─── Data to examine

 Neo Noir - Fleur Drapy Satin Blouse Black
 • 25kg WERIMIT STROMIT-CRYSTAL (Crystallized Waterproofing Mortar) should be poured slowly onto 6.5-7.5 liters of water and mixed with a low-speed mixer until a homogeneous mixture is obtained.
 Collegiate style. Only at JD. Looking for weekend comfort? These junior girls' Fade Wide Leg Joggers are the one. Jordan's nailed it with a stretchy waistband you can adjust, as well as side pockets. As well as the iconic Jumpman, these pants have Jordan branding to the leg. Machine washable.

──────
─── Data to examine

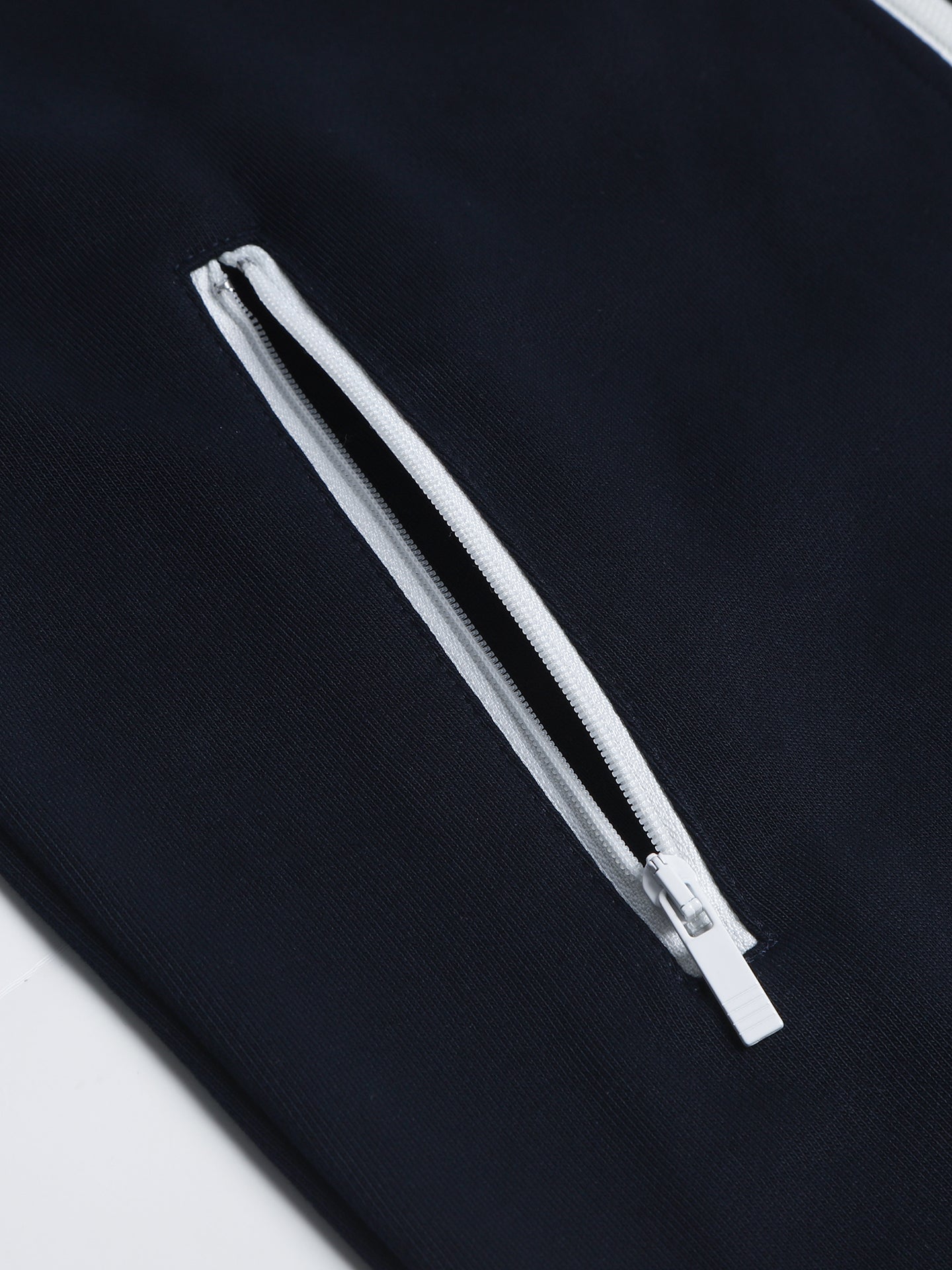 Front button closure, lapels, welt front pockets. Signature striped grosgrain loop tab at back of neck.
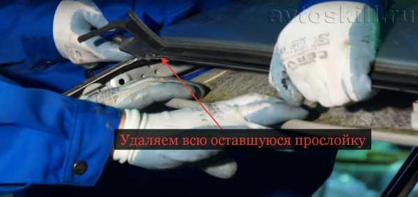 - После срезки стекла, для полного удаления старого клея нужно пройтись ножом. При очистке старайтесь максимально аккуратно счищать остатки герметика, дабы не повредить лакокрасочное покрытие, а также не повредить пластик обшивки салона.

──────
─── Data to examine

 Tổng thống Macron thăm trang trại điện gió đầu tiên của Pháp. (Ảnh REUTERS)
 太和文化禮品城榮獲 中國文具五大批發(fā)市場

──────

• _Problem details_: Going back to the entries above, set down exactly the lines that begin at the one with "Tổng thống Macron" and end at the one with "太和文化禮品城榮獲 中國文具五大批發(fā)市場", both included, and nothing else.

• _Output below_:
 Tổng thống Macron thăm trang trại điện gió đầu tiên của Pháp. (Ảnh REUTERS)
 太和文化禮品城榮獲 中國文具五大批發(fā)市場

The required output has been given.